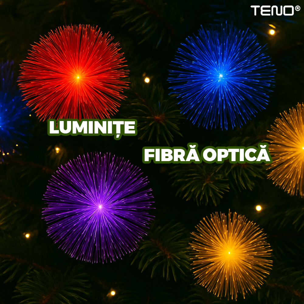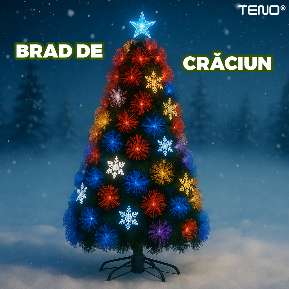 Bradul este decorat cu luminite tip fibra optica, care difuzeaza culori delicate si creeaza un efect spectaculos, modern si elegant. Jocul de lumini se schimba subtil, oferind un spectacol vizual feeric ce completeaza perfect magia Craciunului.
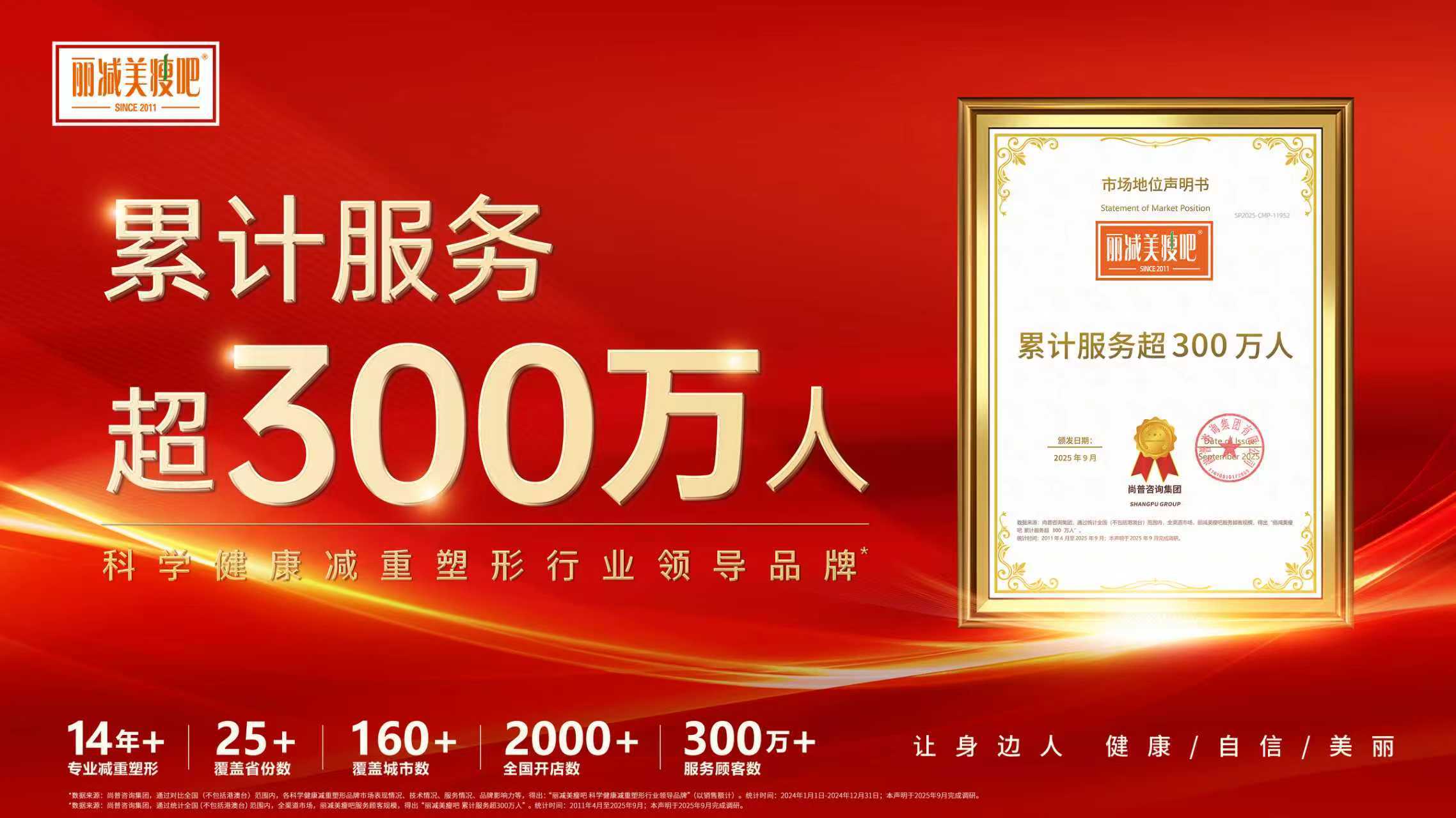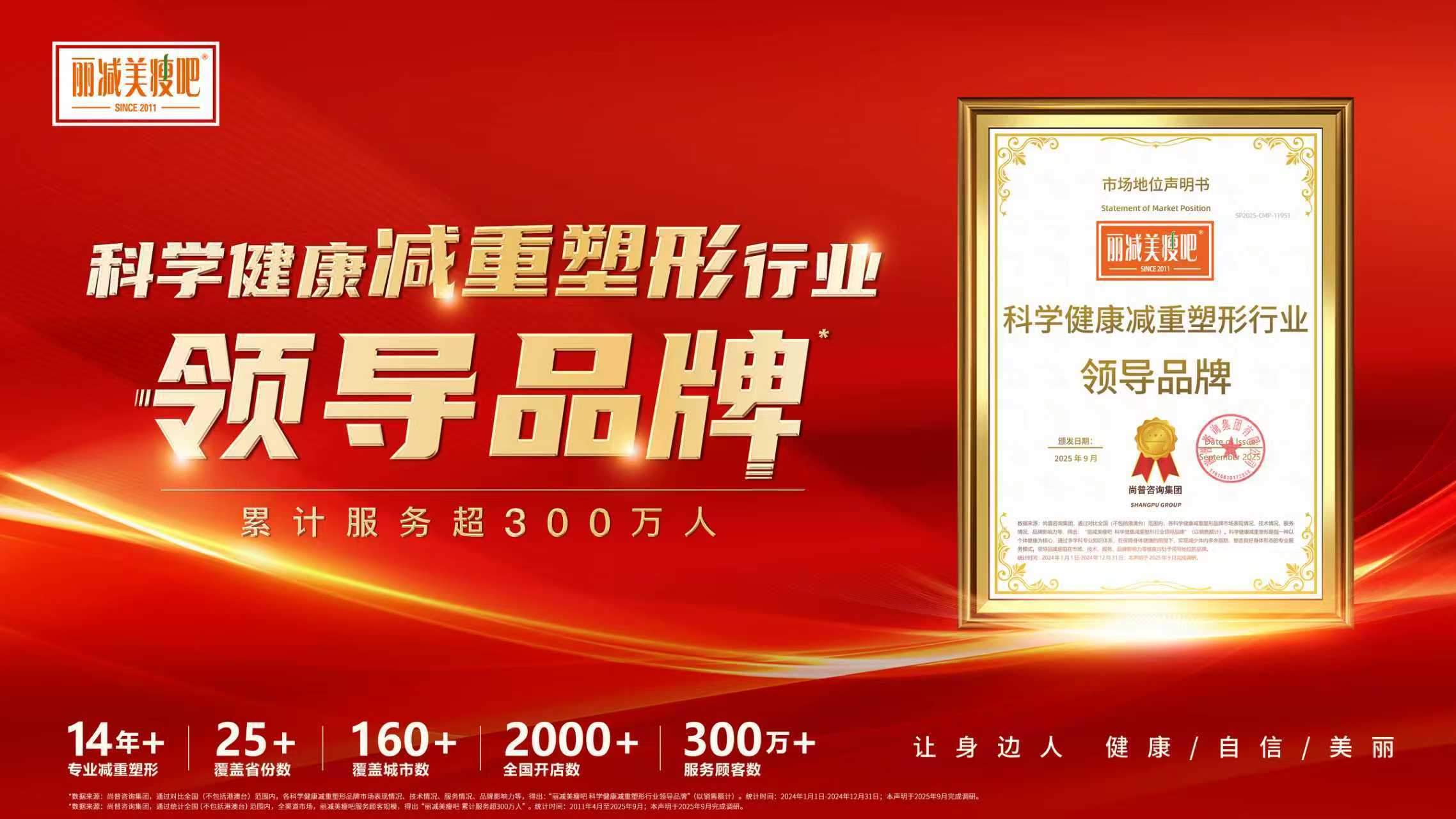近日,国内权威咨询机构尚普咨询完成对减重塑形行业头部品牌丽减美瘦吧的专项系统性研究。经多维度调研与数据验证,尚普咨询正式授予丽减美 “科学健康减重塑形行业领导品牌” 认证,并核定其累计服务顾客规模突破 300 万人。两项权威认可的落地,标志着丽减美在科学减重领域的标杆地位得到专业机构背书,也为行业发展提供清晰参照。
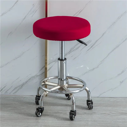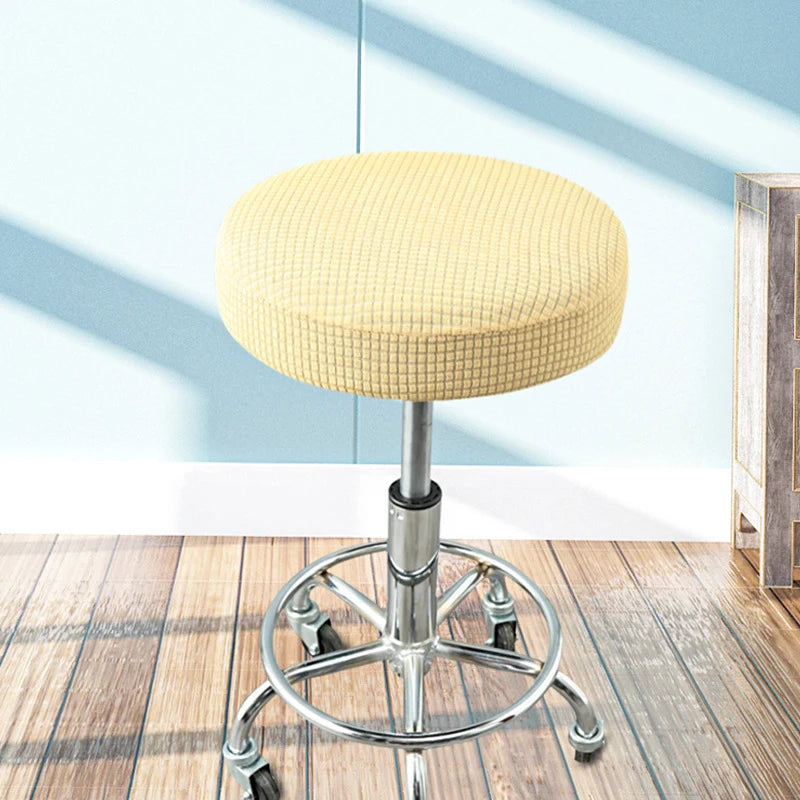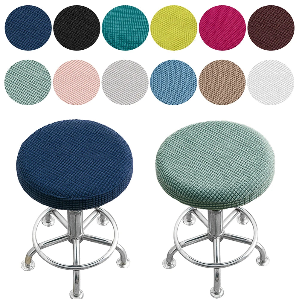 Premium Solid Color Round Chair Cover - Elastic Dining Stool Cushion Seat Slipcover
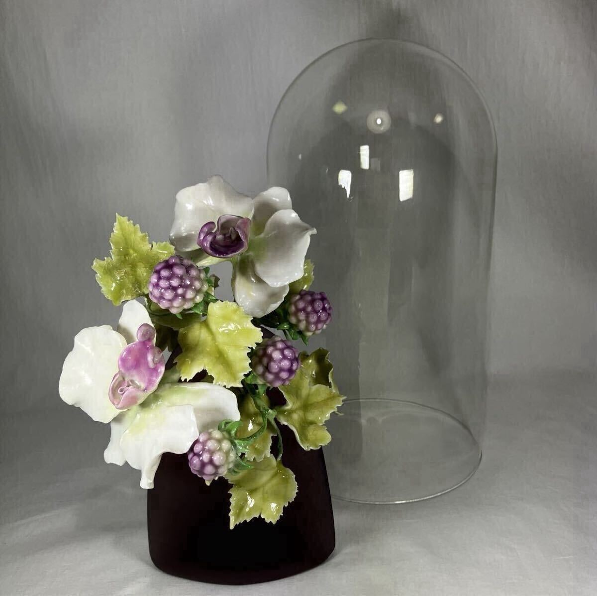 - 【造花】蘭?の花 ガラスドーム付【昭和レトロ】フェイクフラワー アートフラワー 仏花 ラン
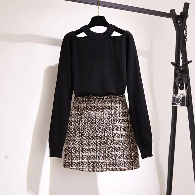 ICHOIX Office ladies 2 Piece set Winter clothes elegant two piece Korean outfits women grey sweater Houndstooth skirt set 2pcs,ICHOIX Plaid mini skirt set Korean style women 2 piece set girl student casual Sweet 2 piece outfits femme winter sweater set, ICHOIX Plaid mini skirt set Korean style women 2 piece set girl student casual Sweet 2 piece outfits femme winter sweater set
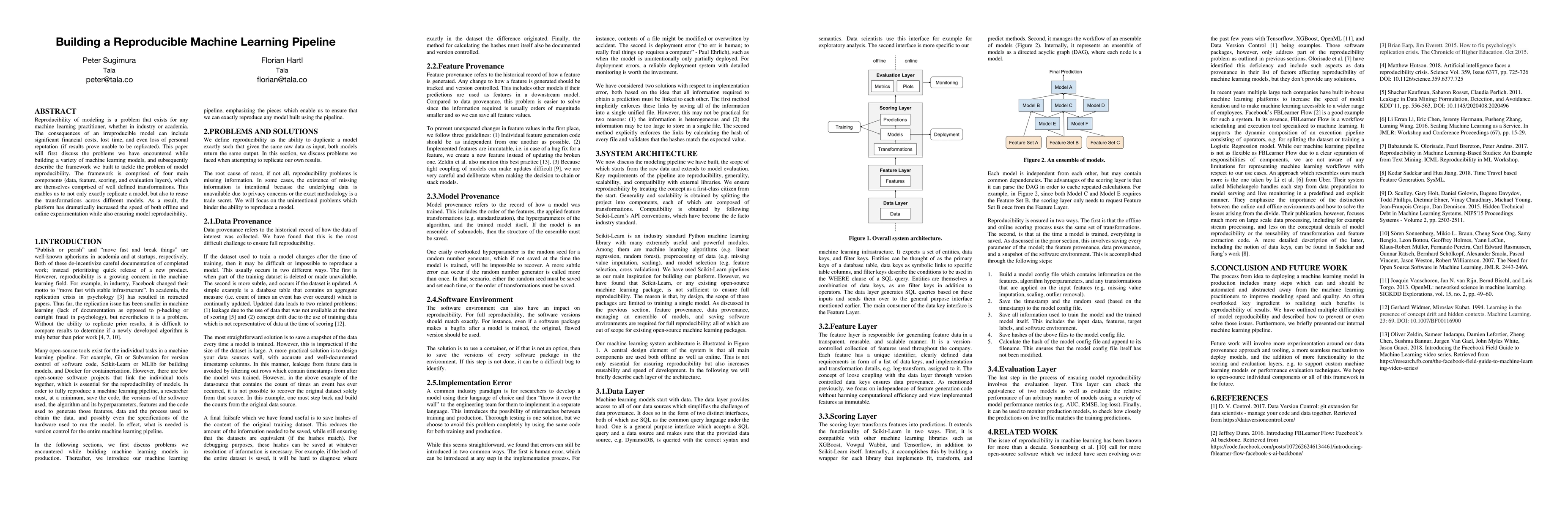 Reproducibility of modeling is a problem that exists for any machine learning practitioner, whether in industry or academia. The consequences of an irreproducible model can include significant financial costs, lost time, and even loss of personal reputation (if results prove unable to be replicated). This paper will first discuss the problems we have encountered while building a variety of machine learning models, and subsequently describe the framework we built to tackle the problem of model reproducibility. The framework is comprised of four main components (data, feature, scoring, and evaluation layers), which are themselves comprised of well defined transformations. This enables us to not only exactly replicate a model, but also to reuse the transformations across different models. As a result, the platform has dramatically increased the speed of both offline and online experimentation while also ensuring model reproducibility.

◆ **EXERCISE OBJECTIVE**
Given the listing above, repeat exactly the lines starting at the one with "- 【造花】蘭?の花 ガラスドーム付【昭和レトロ】フェイクフラワー" and ending at the one with "ICHOIX Office ladies", inclusive, excluding pictures.

◆ **WORKED SOLUTION**
 - 【造花】蘭?の花 ガラスドーム付【昭和レトロ】フェイクフラワー アートフラワー 仏花 ラン
 ICHOIX Office ladies 2 Piece set Winter clothes elegant two piece Korean outfits women grey sweater Houndstooth skirt set 2pcs,ICHOIX Plaid mini skirt set Korean style women 2 piece set girl student casual Sweet 2 piece outfits femme winter sweater set, ICHOIX Plaid mini skirt set Korean style women 2 piece set girl student casual Sweet 2 piece outfits femme winter sweater set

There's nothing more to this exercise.